Fast forward to 2021, and the details are even more suspicious. It seems that Hancock endorsed Babylon publicly without declaring that the company’s investors had donated £200,000 to the Conservative Party.
This endorsement typifies Hancock’s behaviour as Health and Social Care Secretary. While he presided over public spending on the NHS that would have been unthinkable from the Conservatives in normal times, he has nevertheless championed (albeit subtly) NHS privatisation.
He was unequivocal, in public statements, on the subject of NHS privatisation, declaring in 2019 that he would not stand for it. And yet, in his first year in the role, he presided over record levels of private outsourcing in the NHS. The abolition of Public Health England has also widely been seen as another route for private companies to infiltrate NHS operations.
Hancock’s most recent predecessors, Jeremy Hunt and Andrew Lansley, were widely reviled for what were seen as attempts to privatise the NHS. Yet Hancock appears to have been let off the hook. This is because, using the pandemic as a shield, he was careful to mask privatisation behind a veneer of public duty.
The nation’s testing and contact-tracing programme is branded as ‘NHS Test and Trace’ – despite at least 50% of its staff being contracted from private sector firms. All the while, regional public health teams have been kept out of the loop – playing second fiddle to a heavily centralised and privatised system.
Hancock’s approach to the private sector has certainly not been cautious or reluctant. His tenure has been marked by the mass outsourcing of Government work and the uninhibited deployment of contracts without competition. He even has a shareholding in a family firm with NHS contracts.
The reason that most Conservatives claim to favour the private sector is a belief that competition breeds efficiency. Yet Hancock’s methods of privatisation often involved the eradication of competition. Instead of displaying a fervour for capitalism at all costs, Hancock demonstrated distinct leanings towards market autocracy when it comes to the NHS.

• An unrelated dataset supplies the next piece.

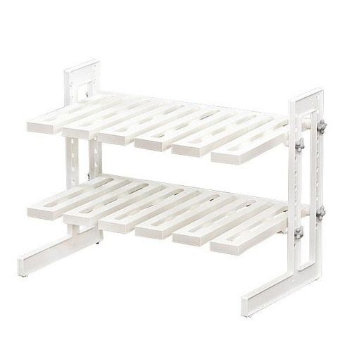 12枚の棚板が取り外せて、シンク下の排水トラップを避けて設置できるラックです。 設置場所に合わせて、棚の高さが3cm刻みで10段階に調節できます。 幅が50から75cmまで伸縮します。 |

He behaved as Hunt and Lansley did in many respects. He undermined those who work in the NHS by failing to offer them a proper pay rise, just as Hunt undermined junior doctors by imposing contracts on them against their will. Despite promises to the contrary, Hancock’s NHS reform proposals are sketchy on detail when it comes to social care – a continuation of past inaction.
But, unlike Hunt and Lansley, Hancock championed an ominous centralisation of NHS control – a consolidation of power in the hands of the Health and Social Secretary. This notion is clearly articulated as part of his NHS reform proposals – and epitomises the kind of NHS Hancock was hoping to forge.
This NHS would be one that outwardly serves public interests while shipping out work to the private sector; in which decisions are taken in the name of emergency measures, with these used as excuses to override fairness and transparency. However awkward and incompetent Hancock has managed to appear, we must not forget his real legacy when it comes to the NHS. We must also not forget the staggering death toll from COVID-19 that occurred on his watch.
Whether Hancock’s successor Sajid Javid will overturn these reforms remains to be seen – but it is doubtful that he will make the necessary changes to a system that is now geared to protect private interests as a public duty.